Несмотря на слухи, распространяемые о нем, как и о прочих деятелях революции, эти хищники не сомневались в его неподкупности; но они знали, что он тщеславен и легковерен, и надеялись обойти его лестью и в особенности снисходительно-фамильярным обращением, которое, по их мнению, было приятней всякой лести. Они рассчитывали при его содействии играть на повышении и понижении всех ценностей, которые они пожелали бы купить или продать, и полагали, что он будет служить их интересам, воображая, будто работает лишь на благо общества.

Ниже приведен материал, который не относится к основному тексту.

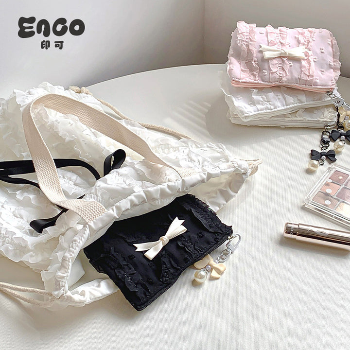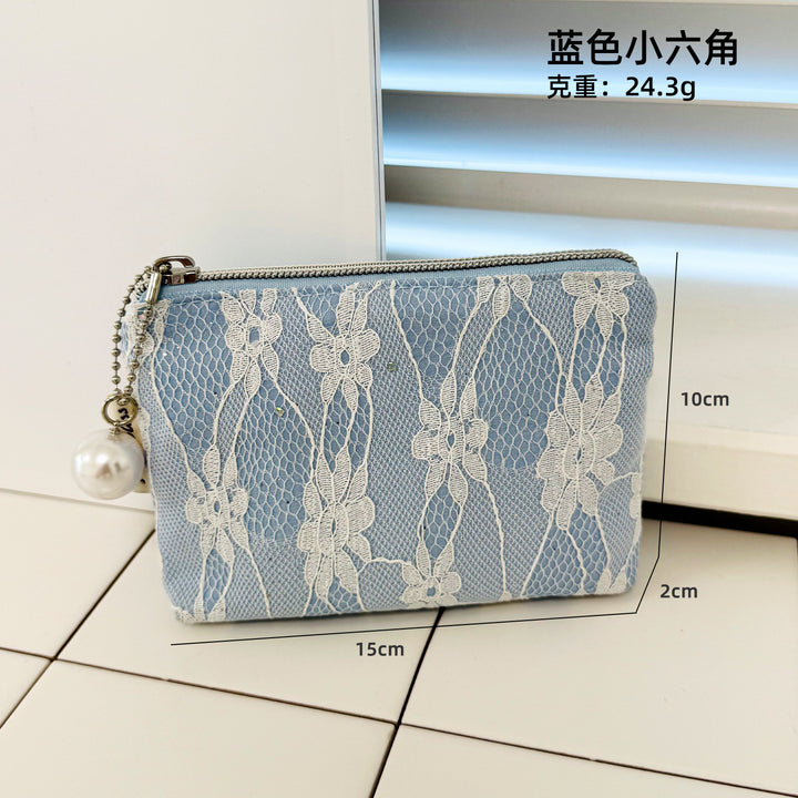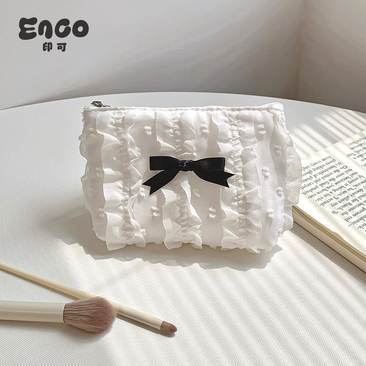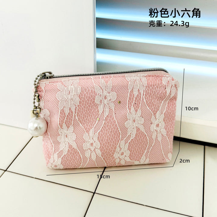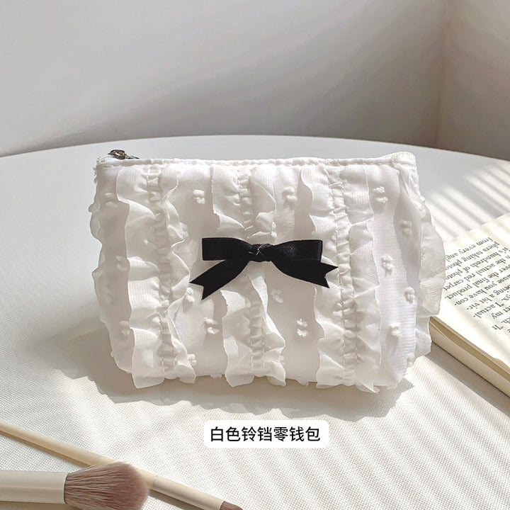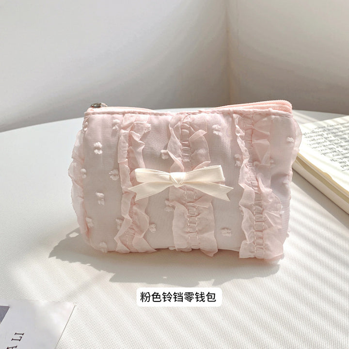 Cute cosmetic bag cosmetic bag new Korean version lace bow large capacity change bag clutch bag women's storage bag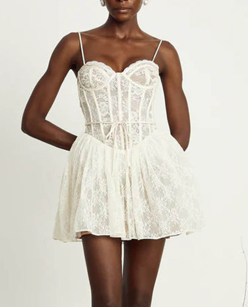 Solid Mini Dress Sleeveless Square Neck A-Line Ruffle Spliced Slim Fit Cotton Bl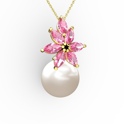 Inci ve pembe kuvars 925 ayar altın kaplama gümüş kolye (40 cm gümüş rolo zincir)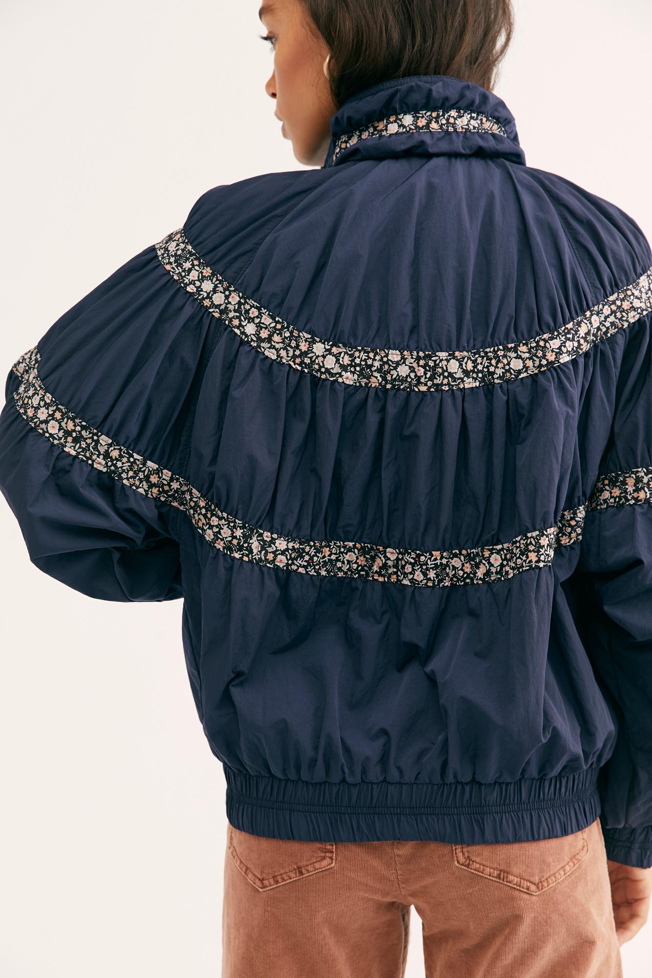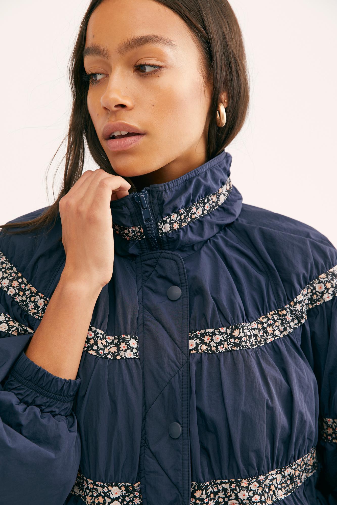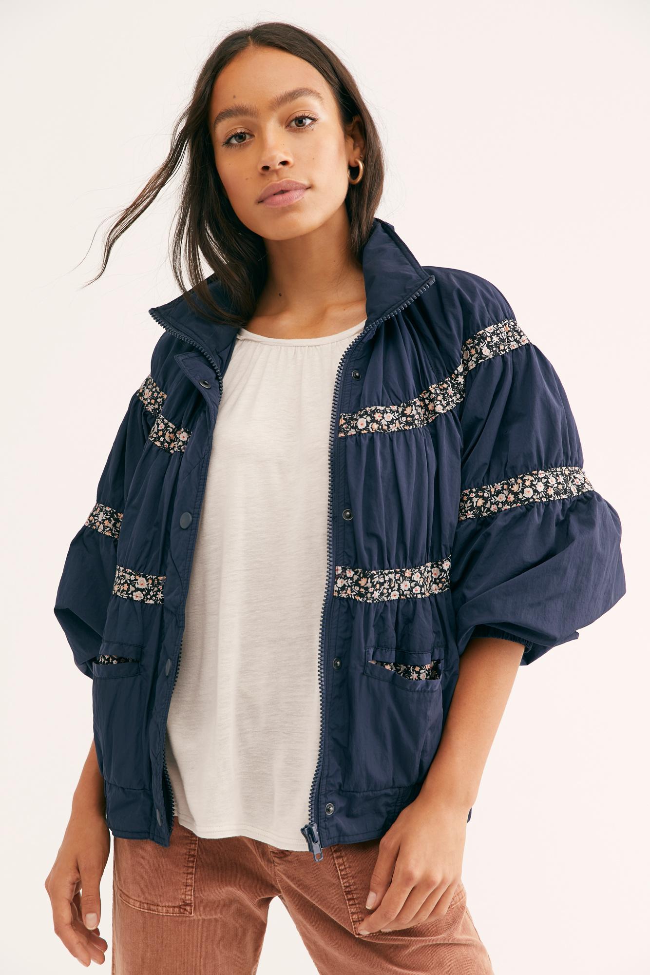 Go to Free PeopleRetro-inspired bomber style jacket from our we the free collection featuring gathered tiers with contrast floral print fabric and front pocket detail. Exaggerated dropped sleeves elastic band at bottom hem collar detail elastic banded cuffs. Lining: 100% Acetate,100% Nylon,Filling: 100% Polyester. Color: blue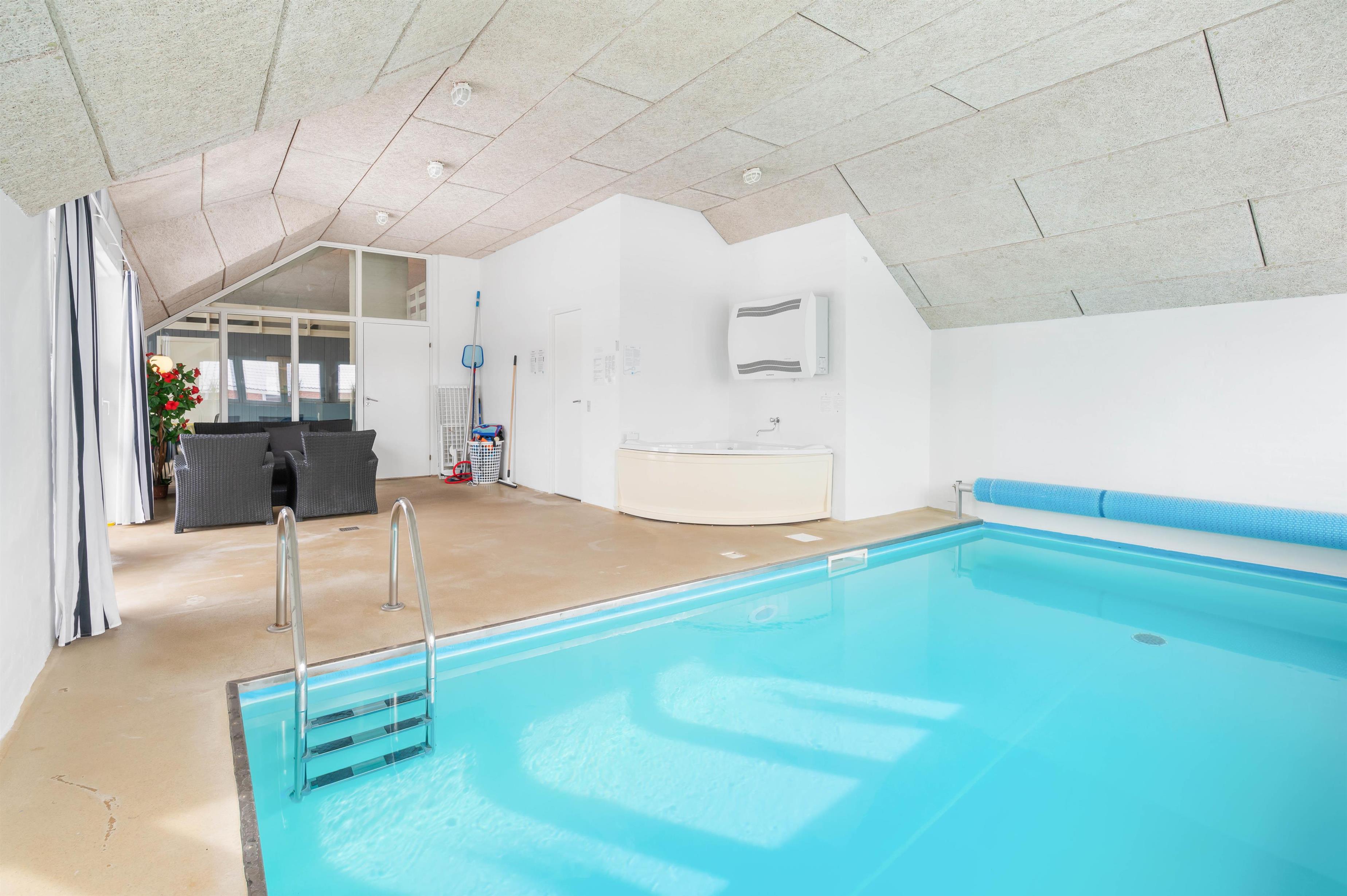 Sommerhuset har også en dejlig poolafdeling, hvor den 18 m2 store swimmingpool indbyder til både leg og motion. Ved siden af poolen står den store spa, hvor man kan geare helt ned og blive varmet godt igennem.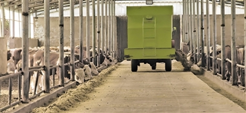 工人开着撒料车钻进一座又一座养殖棚,草料顺着漏斗均匀地撒在饲喂台上,散发着青贮饲料的香味。牛儿们一字排开,各就各位,把草料卷入口中。工人马治清挥动扫帚,把散在平台上的饲料扫到牛嘴边,打开水龙头,清亮亮的水注入饮牛槽。“牛场现在机械化喂牛,我们7个人就喂了700多头牛呢。”先进饲喂技术吸引不少养牛人来学习取经,牛场工棚里住着几名从江西、湖南等地慕名而来的“粉丝”。他们一住就是几个月,跟着工人一起喂牛学习技术。

Сводня по призванию, хотя она еще не достигла того возраста, когда женщина отказывается от любви, гражданка Рошмор задалась целью свести законодателя-журналиста с банкиром, и ее безумная фантазия рисовала ей революционера, с руками, еще обагренными кровью сентябрьских жертв, участником шайки финансистов, агентом которых она состояла; она уже ясно представляла себе его втянутым, в силу свойственной ему чувствительности и доверчивости, в самый центр биржевых спекуляций, в круг людей, которых она так любила, – в мир скупщиков, поставщиков, заграничных эмиссаров, крупье, светских Цирцей.
Она настаивала на том, чтобы Гамлен повел ее к Другу Народа, живущему неподалеку, на улице Кордельеров, близ церкви. После некоторого сопротивления художник уступил желанию гражданки.
Драгун Анри, которому они предложили присоединиться к ним, отказался, ссылаясь на то, что он хочет сохранить свободу даже по отношению к гражданину Марату, оказавшему, бесспорно, услуги республике, но в последнее время обнаружившему некоторые признаки слабости: разве не он в своей газете советовал парижскому населению мириться с выпадающими ему на долю тяготами?
И Анри мелодичным голосом, перемежая свою речь глубокими вздохами, оплакивал республику, преданную теми, на кого она возложила все свои упования: Робеспьером, восстающим против несменяемости секций; Маратом, чьи малодушные советы угашают пыл граждан.
– Ах, – воскликнул он, – какими слабыми кажутся эти люди по сравнению с Леклерком и Жаком Ру!.. Ру… Леклерк! Вы – истинные друзья народа!
Гамлен не слышал этих речей, которые, несомненно, возмутили бы его: он вышел в соседнюю комнату, чтобы переодеться в голубей фрак.
– Вы можете гордиться сыном, – сказала гражданка Рошмор гражданке Гамлен. – Он так талантлив и так благороден!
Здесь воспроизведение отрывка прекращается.